## Work request
Please copy the data below exactly, from its first line through the line holding "Product name: k17", and skip the pictures.

-- Opening Marker --

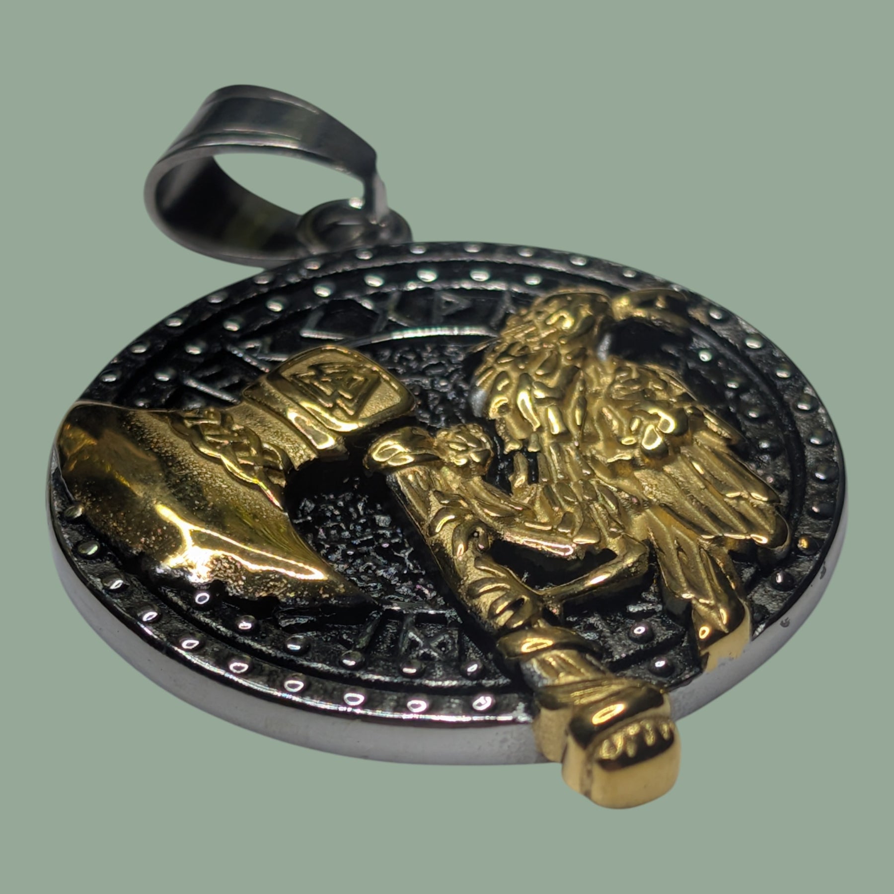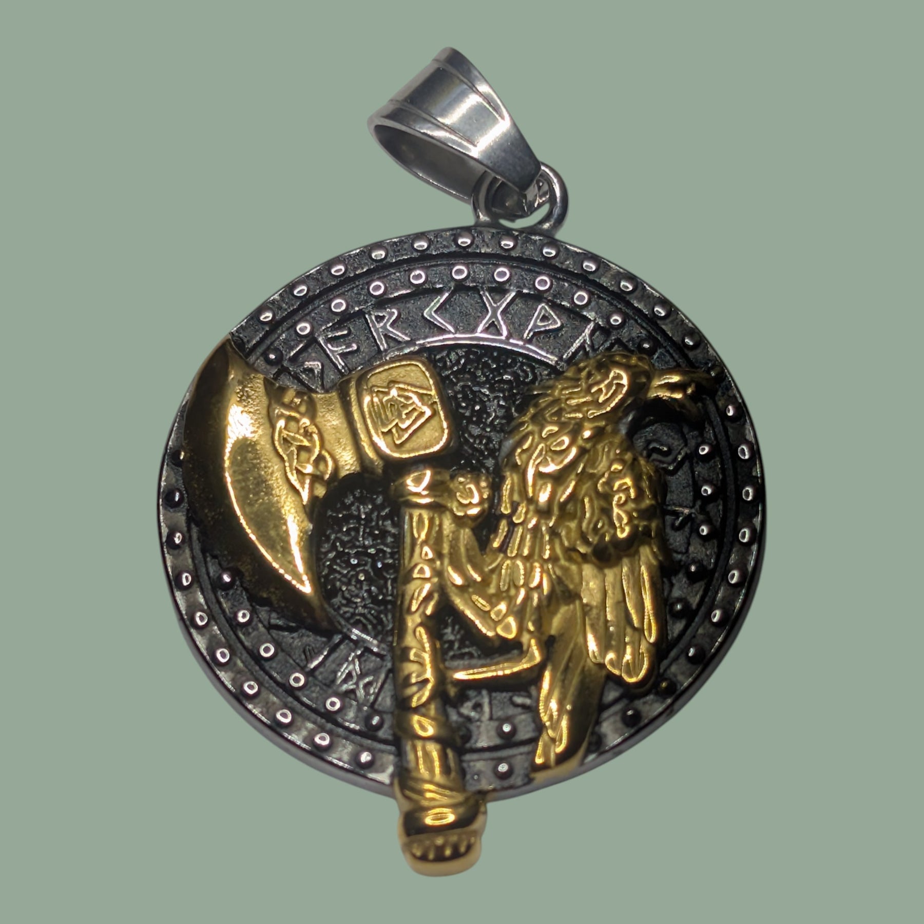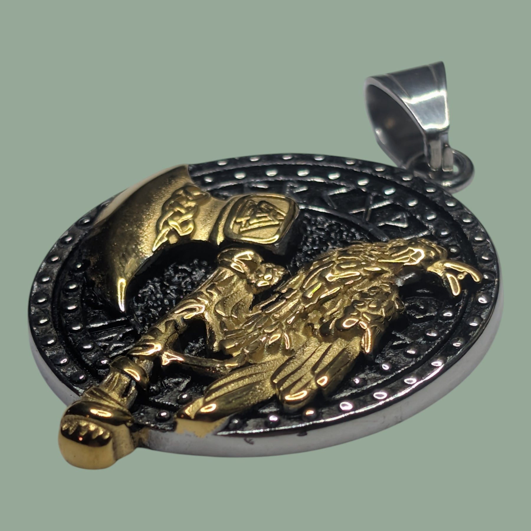 Gefertigt aus hochwertigem Edelstahl, besticht das Schmuckstück durch seine langlebige Qualität und die kunstvolle Verarbeitung. Es ist ideal für Fans nordischer Legenden, Naturliebhaber oder alle, die Stärke und Weisheit symbolisieren möchten.
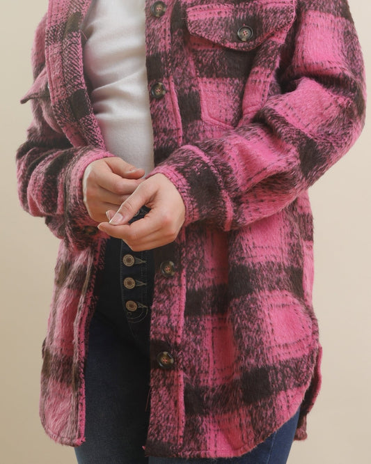 Hot Pink Oversized Long Sleeve Plaid Shacket
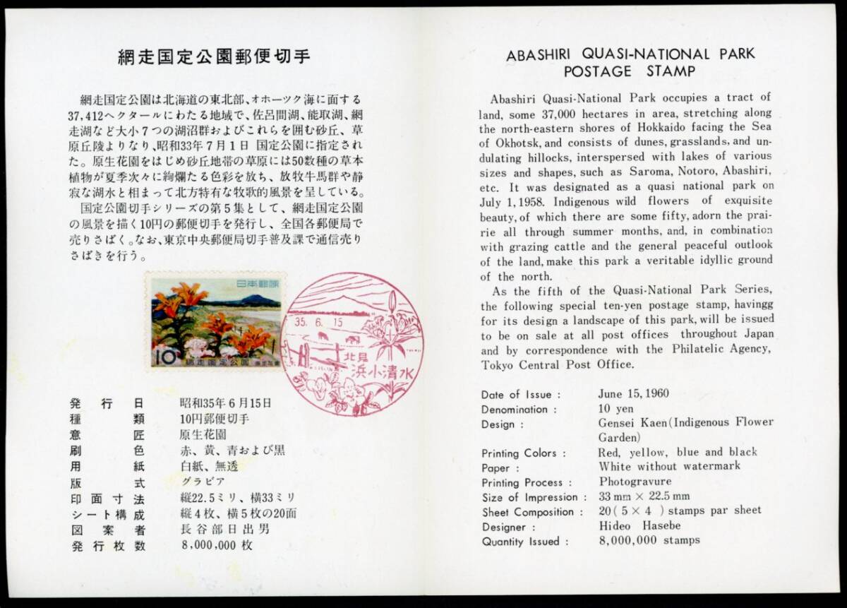 Product name: k17 初日印 網走国定公園 北見・浜小清水/35.6.15 解説書
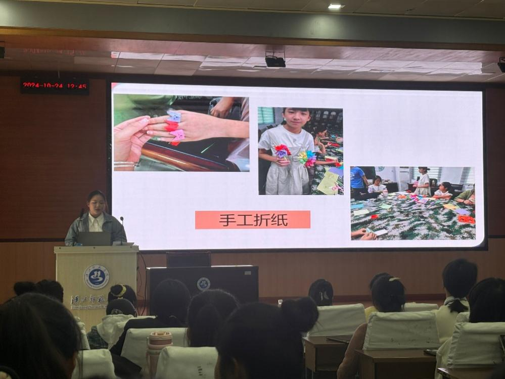 个人社会实践代表颜芬分享了她的社会实践经验。她在“爱心托班管”中开展了作业辅导、创新艺术活动和爱国教育,通过这些活动提高了员工们的学业水平和艺术素养,同时也增强了自身的沟通能力和组织能力。
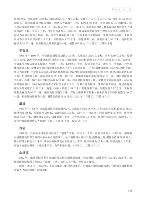 下村河段堤防加固工程,长 1.13 千米,投资 257 万元。2011 年,珠游溪双楼段、独山段河道整治纳入“清
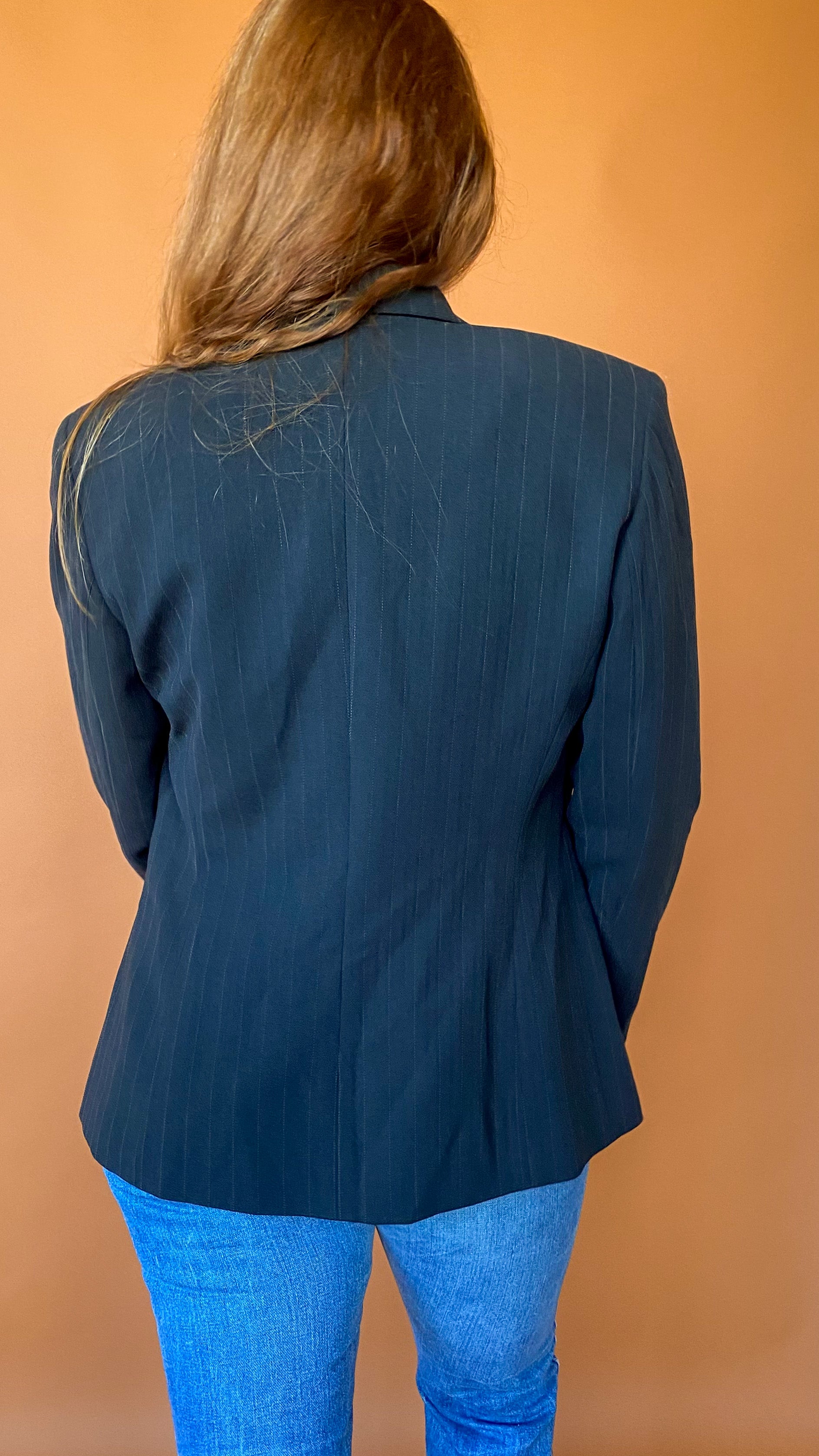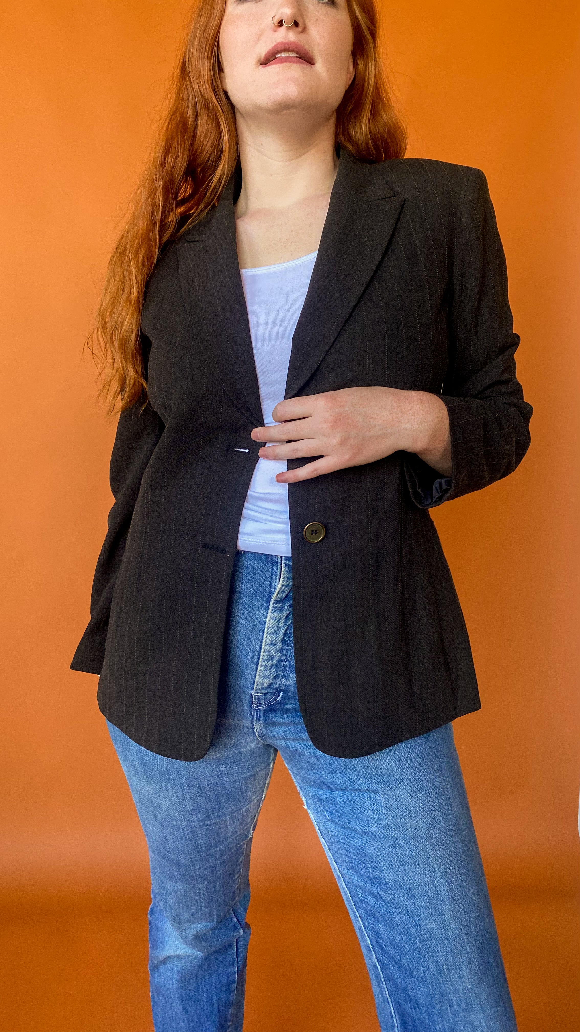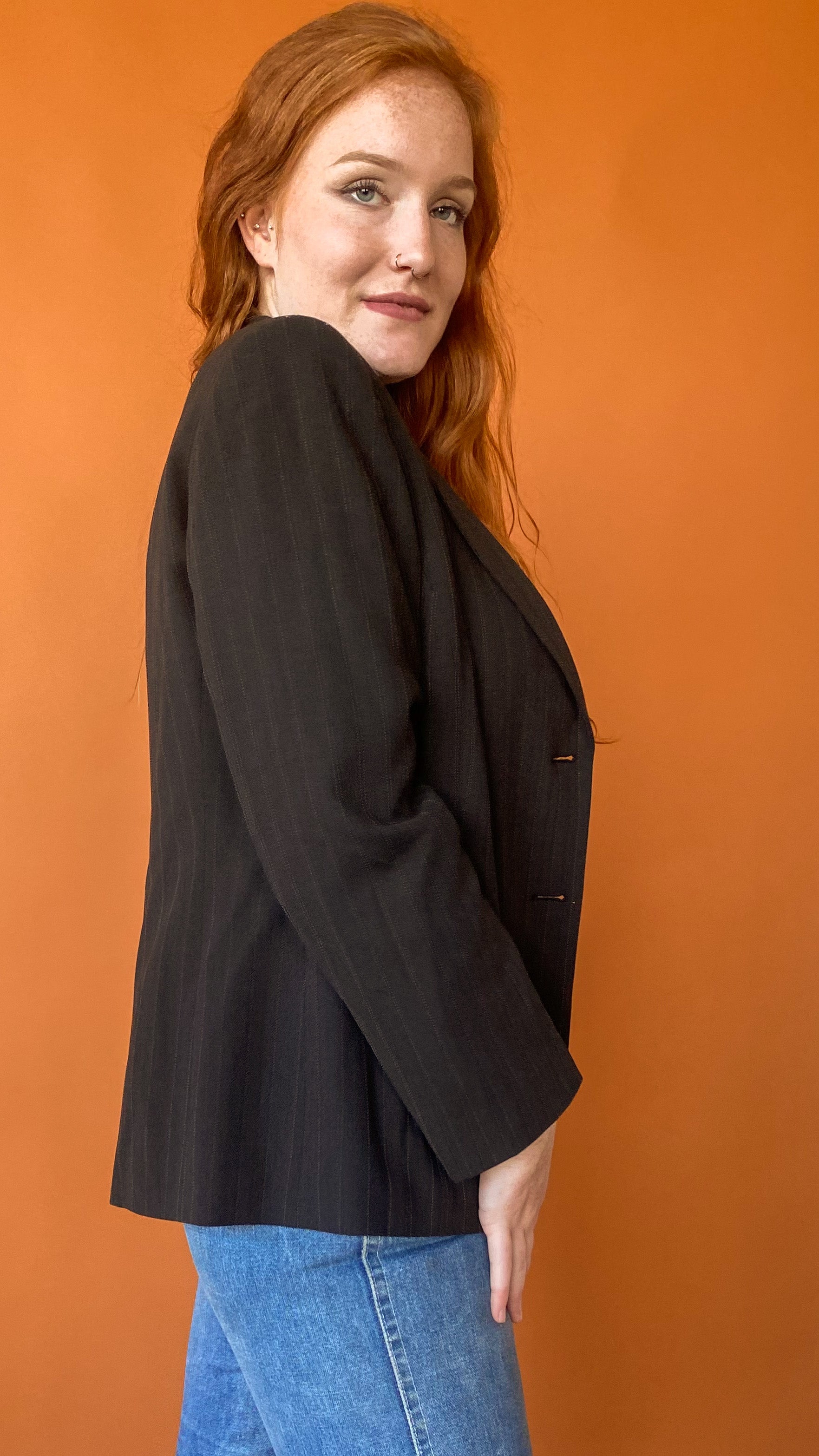 Dark gray blazer with tan vertical stripes; has button closure, shoulder pads.
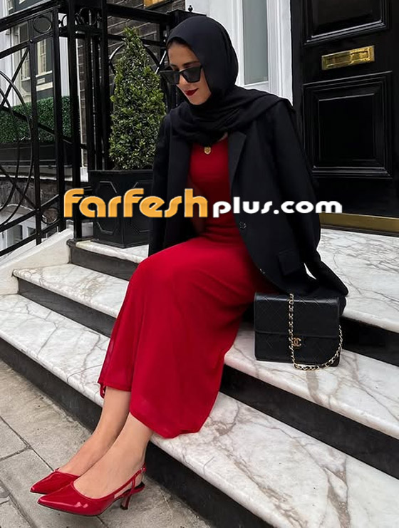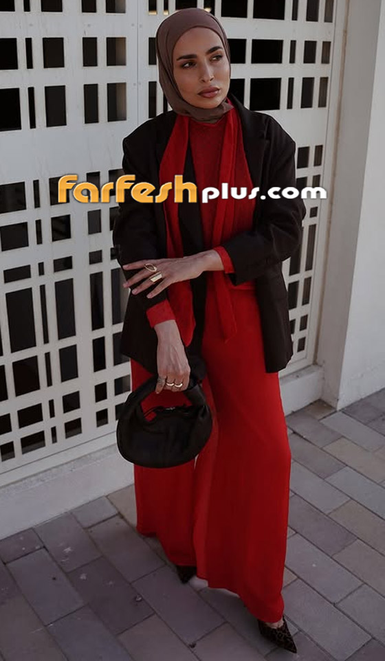 اتبعي طريقة مدونة الموضة سهى طه في تنسيق الكنزة الـV Neck القصيرة الحمراء باحتشام، وارتدي تحتها قميصاً أبيضَ طويلاً، وأكملي اللوك الكاجوال ببنطلون جينز Wide Leg أسود أو رمادي داكن، ولتحصلي على لوك متناغم وأنيق اختاري الطرحة باللون الأسود، وانتعلي حذاءً مدبباً أحمرَ، لائميه مع حقيبة صغيرة من اللون عينه.
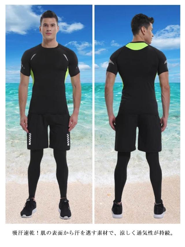 | メンズ フィットネス水着3点セット ソフトな肌触りの冷感素材を使用、良い着心地と抜群の耐久性、ストレッチが効いているので動きやすい。 吸汗速乾!肌の表面から汗を逃す素材で、涼しく通気性が持続。 洗濯後も速く乾きになり、着替えに便利。 速乾性で海やプール、アウトドアでの日焼け予防はもちろん、ランニング等の運動やタウンユースでも大活躍!また、ケガから身を守る為にもラッシュガードは必要アイテム! | |
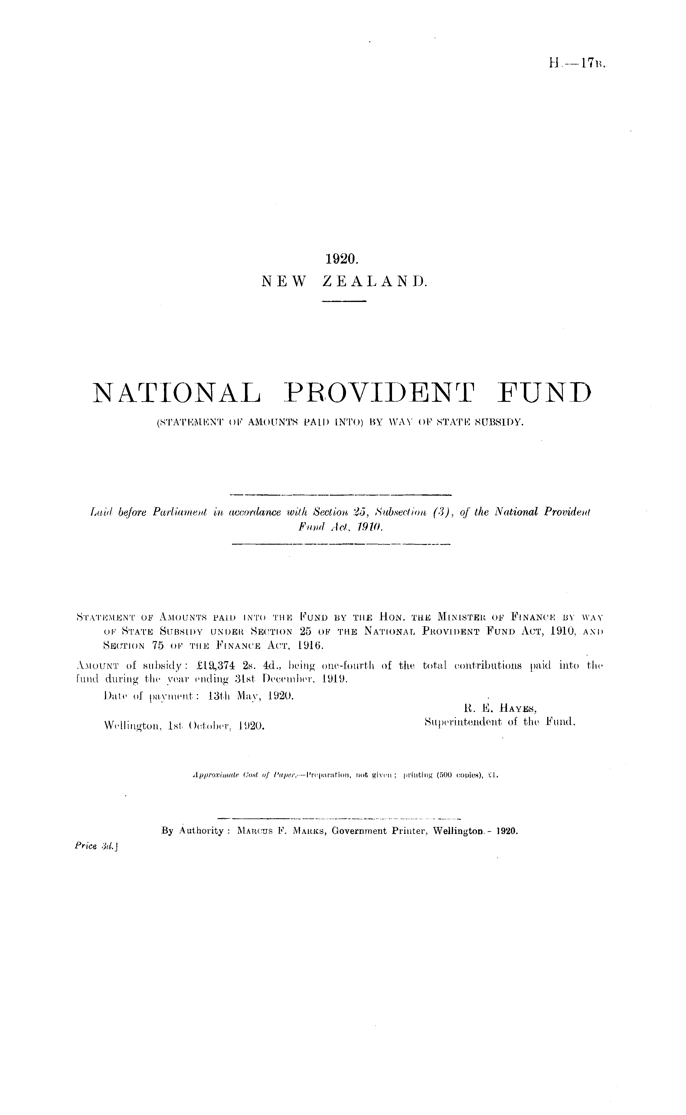 Statement of Amounts paid into thb by the Hon. the Minister op Finance by way of State Subsidy under Section 25 of the National Provident Fund Act, 1910, and Section 75 of the Finance Act, .916. Amount of subsidy: £19,374 2s. 4d., being one-fourth of the total contributions paid into the fund during the year ending 31st December, 1919. Date of payment: 13th May, 1920. R. F. Hayes, Wellington, Ist October, 1920. Superintendent of the Fund.
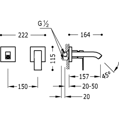 006.200.10 Одноважільний настінний змішувач для раковини Tres Cuadro
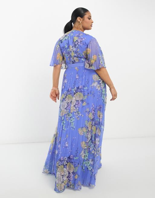 ASOS DESIGN Curve exclusive pleated maxi dress with kimono sleeve and tie waist in blue floral print Very well made.

-- Closing Marker --

## Your solution
 Gefertigt aus hochwertigem Edelstahl, besticht das Schmuckstück durch seine langlebige Qualität und die kunstvolle Verarbeitung. Es ist ideal für Fans nordischer Legenden, Naturliebhaber oder alle, die Stärke und Weisheit symbolisieren möchten.
 Hot Pink Oversized Long Sleeve Plaid Shacket
 Product name: k17 初日印 網走国定公園 北見・浜小清水/35.6.15 解説書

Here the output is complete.